Description of the task – In the entries below, find the line with "Şekil 8. 1, tutumlar" and the line with "Visit Proof |"; reproduce those two lines and all lines between them exactly, without pictures.

Start of Available data

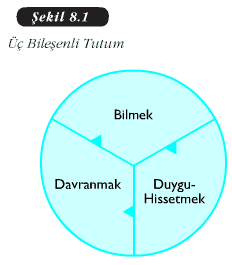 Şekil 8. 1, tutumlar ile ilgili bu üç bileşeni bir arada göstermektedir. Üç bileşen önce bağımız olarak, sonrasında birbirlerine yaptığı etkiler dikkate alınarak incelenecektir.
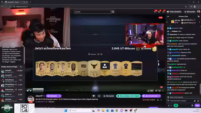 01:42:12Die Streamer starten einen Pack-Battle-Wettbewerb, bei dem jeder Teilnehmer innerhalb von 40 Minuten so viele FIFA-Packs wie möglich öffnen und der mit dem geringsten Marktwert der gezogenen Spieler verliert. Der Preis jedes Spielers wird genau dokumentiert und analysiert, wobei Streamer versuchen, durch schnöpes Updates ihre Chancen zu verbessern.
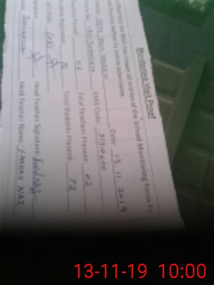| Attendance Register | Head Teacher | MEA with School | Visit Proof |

End of Available data
Start of Available data

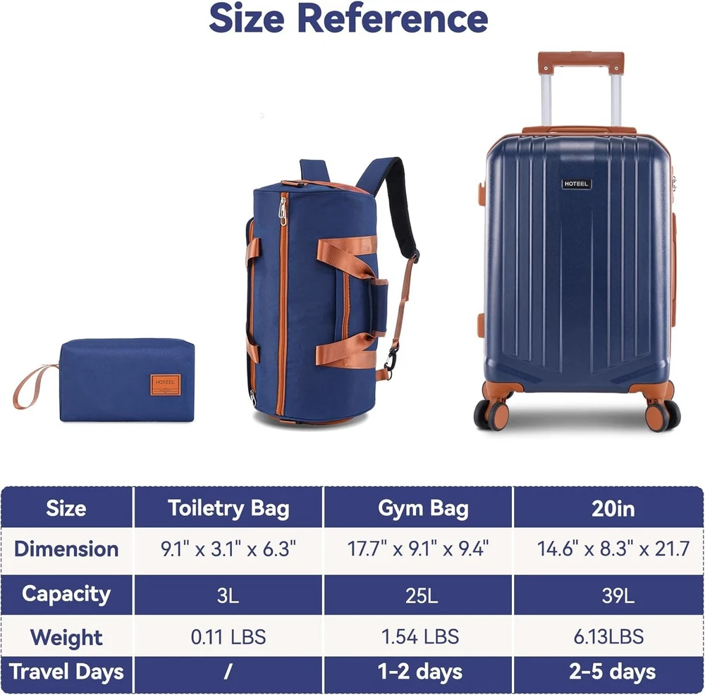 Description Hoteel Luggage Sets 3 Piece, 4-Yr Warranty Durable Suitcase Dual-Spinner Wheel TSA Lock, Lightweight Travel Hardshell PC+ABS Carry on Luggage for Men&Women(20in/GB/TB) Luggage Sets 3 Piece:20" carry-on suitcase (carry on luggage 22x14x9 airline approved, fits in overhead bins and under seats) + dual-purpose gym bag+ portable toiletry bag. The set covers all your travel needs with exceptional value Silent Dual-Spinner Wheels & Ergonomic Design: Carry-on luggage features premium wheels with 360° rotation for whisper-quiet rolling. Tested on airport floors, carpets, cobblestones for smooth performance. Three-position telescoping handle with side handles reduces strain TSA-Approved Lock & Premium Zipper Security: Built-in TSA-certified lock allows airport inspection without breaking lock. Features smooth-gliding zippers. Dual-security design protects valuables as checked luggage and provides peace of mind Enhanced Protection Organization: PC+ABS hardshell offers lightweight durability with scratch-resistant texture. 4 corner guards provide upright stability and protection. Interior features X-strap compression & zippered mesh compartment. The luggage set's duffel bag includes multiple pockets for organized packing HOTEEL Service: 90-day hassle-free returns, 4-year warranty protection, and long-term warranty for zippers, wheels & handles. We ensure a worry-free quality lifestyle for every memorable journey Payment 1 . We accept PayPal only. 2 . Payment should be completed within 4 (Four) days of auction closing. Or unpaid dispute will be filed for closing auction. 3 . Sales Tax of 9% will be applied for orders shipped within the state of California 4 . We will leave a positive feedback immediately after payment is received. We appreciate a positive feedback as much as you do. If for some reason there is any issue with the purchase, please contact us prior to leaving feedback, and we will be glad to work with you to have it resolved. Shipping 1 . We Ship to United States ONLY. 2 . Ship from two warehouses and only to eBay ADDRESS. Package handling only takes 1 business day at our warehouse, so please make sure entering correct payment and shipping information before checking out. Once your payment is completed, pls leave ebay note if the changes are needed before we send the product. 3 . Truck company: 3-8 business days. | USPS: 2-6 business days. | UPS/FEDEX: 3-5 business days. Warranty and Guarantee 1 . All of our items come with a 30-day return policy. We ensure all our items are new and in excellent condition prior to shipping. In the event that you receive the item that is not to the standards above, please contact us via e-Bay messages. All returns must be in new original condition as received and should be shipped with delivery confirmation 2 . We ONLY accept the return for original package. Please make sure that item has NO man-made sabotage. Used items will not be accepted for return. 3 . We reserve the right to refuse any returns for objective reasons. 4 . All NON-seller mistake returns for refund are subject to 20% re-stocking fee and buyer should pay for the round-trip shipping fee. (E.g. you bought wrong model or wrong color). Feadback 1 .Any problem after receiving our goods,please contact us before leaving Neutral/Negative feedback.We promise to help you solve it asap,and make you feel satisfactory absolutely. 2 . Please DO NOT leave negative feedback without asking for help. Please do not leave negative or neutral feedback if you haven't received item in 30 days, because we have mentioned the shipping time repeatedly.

End of Available data

Your solution –
 Şekil 8. 1, tutumlar ile ilgili bu üç bileşeni bir arada göstermektedir. Üç bileşen önce bağımız olarak, sonrasında birbirlerine yaptığı etkiler dikkate alınarak incelenecektir.
 01:42:12Die Streamer starten einen Pack-Battle-Wettbewerb, bei dem jeder Teilnehmer innerhalb von 40 Minuten so viele FIFA-Packs wie möglich öffnen und der mit dem geringsten Marktwert der gezogenen Spieler verliert. Der Preis jedes Spielers wird genau dokumentiert und analysiert, wobei Streamer versuchen, durch schnöpes Updates ihre Chancen zu verbessern.
| Attendance Register | Head Teacher | MEA with School | Visit Proof |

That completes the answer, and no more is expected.